Frère humain

Nous ouvrons le beau livre de Sylvie Fabre G., paru aux éditions L'Amourier, après avoir entendu le titre : Frère humain. Nous voici prêts. Le sceau du titre nous engage sur la voie de la fraternité d'avec notre prochain. Un livre fouillant la fraternité humaine en tant que poétique, cela donne à rêver ce que nous allons peut-être y trouver. Et les premiers poèmes nous mettent sur le chemin d'une parole aride, contenue, serrée, où la dureté le dispute à la lucidité douloureuse, celle capable d'user de ses charmes pour transfigurer un état des lieux en supplément d'espace.

 

Elle cherche le mort
le trouve sur la page, prodigieux
tant de blond allié à tant d'air

 

Ce qui anime les lèvres est la mort qui "si férocement bouge". Une poétique humaine va donc ici se fonder, appuyée sur la mort, et les images déployées vont augmenter d'une beauté glacée, et donc au contact brûlant, la peau de l'âme en appel de fraternité. L'omniprésence de la neige, dont Pierre Dhainaut dans sa remarquable préface nous indique qu'elle efface les traces, les repères, et glace le quotidien, renforce la présence de l'absence dans son paradoxale surgissement. La neige. La parole, assimilée d'entrée à des "rais de poussières", image en suspension dans l'air et projetant dans le regard l'éclat impalpable que la grâce de la lumière nous rend silencieusement tangible.

Une fraternité rendue par le relief d'éléments fragiles. L'écriture confirme cet équilibre précaire de l'humain en sa fraternité, par la multiplication des rejets suggérant des fractures, comme une parole branlante sur le fil de la vie. Mais ce procédé renforce dans le même mouvement le fil du souffle qui rejette au vers suivant la continuation de la respiration haletante, au souffle court.

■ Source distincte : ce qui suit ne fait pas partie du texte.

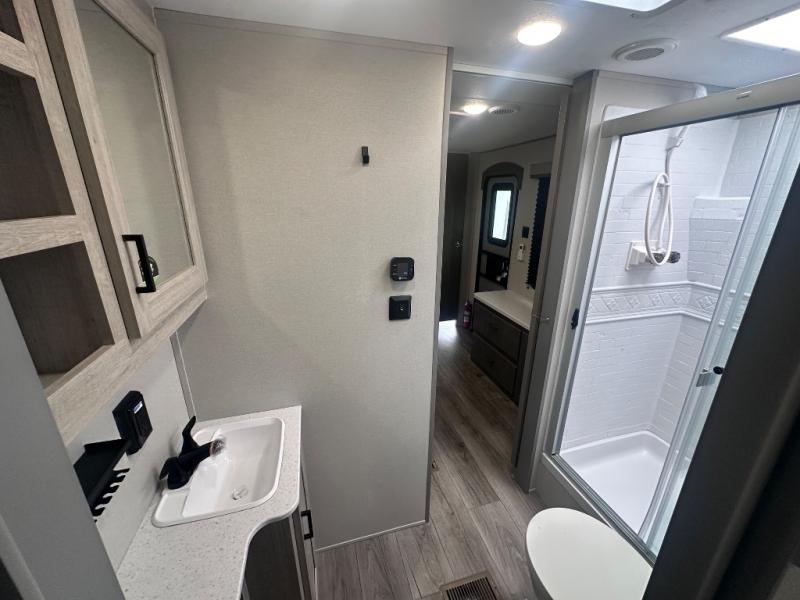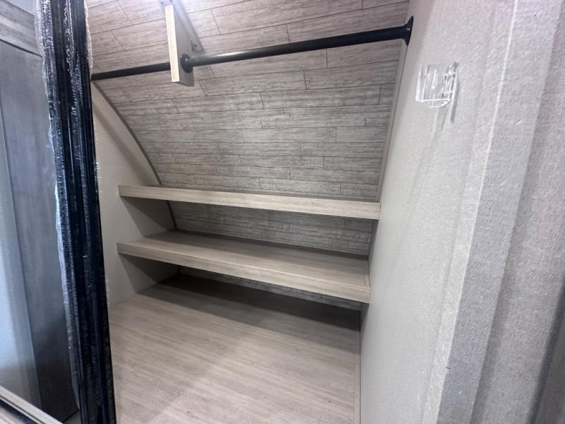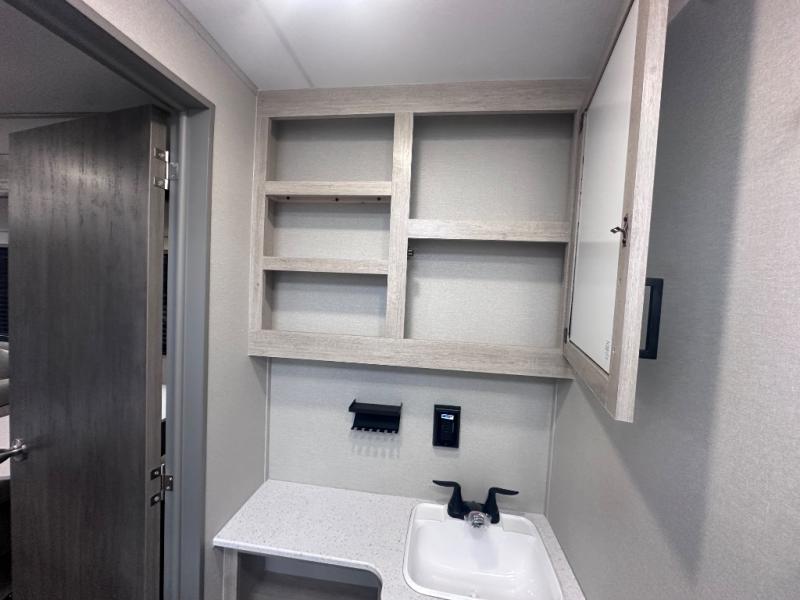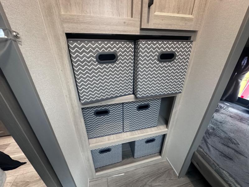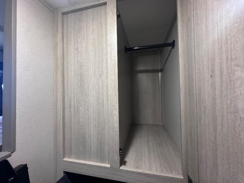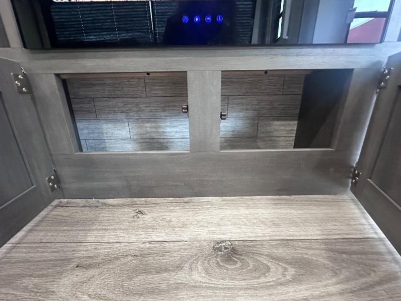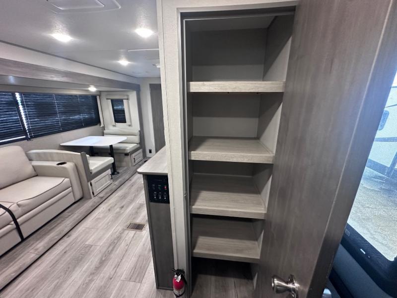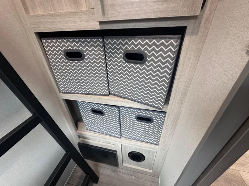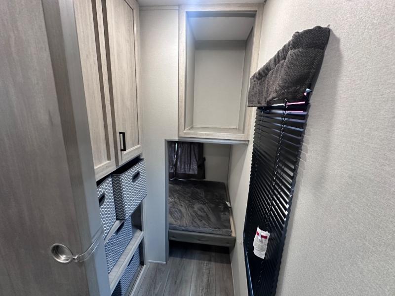 The bunk beds are perfect for the crew: kids, friends, or family, everyone’s comfy. The trundle sofa is a great spot for extra chill time or accommodating guests. The dinette is ideal for meals, homework, or game nights. And with the entertainment center, movie nights are a breeze. The walk-in closet/pantry gives you plenty of space to stash snacks, drinks, and more. The kitchen’s equipped with a refrigerator, microwave, and sink, perfect for easy meals and quick bites. Further, the walk-through bathroom is super handy, so you can refresh and get ready without fuss. In addition, the queen bed is perfect for having comfy nights ahead, and the overhead cabinets, dresser, and closet are ideal for keeping things tidy and organized.

Attitude titubante masquant la sureté de son trajet mortel.

 

si vite, si vite
la neige aussi manque
de temps mais pas d'éternité
pour battre le rappel

 

Chant ténu fait d'images et de construction dynamique, mais brodé d'images - pardon - étincelantes.

 

Dans l'en-bas de la tombe
l'abeille de sa voix encore
bourdonne au suc de l'inachevé
poème qui fuit maintenant
l'altitude d'une parole

 

Cet étincellement discret, comme incrusté par défaut dans la fibre des vers, n'atténue pas la fausse joie du poème. Tout appel à l'éclat est contrebalancé par l'ampleur démesurée de son ombre :

 

A l'orée du bois, aujourd'hui l'habitation
du bouquet - sur le vert la cendre
roses filantes de la finitude
le présage et le germe
le terme et le chant d'avenir
l'attire dans son effusion de rouge
ce qui n'est plus au cœur de ce qui est
demeure en un lent évanouissement.

 

Mort. Cercueil. Effondrement. Echouage. Incinération. Cendres. Squelettiques. Deuil. Effacé. Taris. Meurtri. Le champ lexical de la disparition prolifère comme un cancer de mots lorsqu'on s'enfonce plus profond dans le livre. Le poème est un pis-aller à la mort qui emporte même le poème. La neige réapparaît en partie finale de cette procession funèbre. Chaque mot aligné, vêtu de l'habit du deuil, forme une danse macabre ouverte sur le des-espoir, c'est à dire l'absence d'espérance emportant la parole dans sa disparition.

"La mort n'a pas le dernier mot", nous rassure Pierre Dhainaut au sortir de sa préface, avant de poursuivre : "avec l'amour, avec l'amour quand il affronte la mort, il n'y a pas de dernier mot".

Il y a l'absence, nous suggère Sylvie Fabre G. L'absence privant le Frère humain du dernier mot.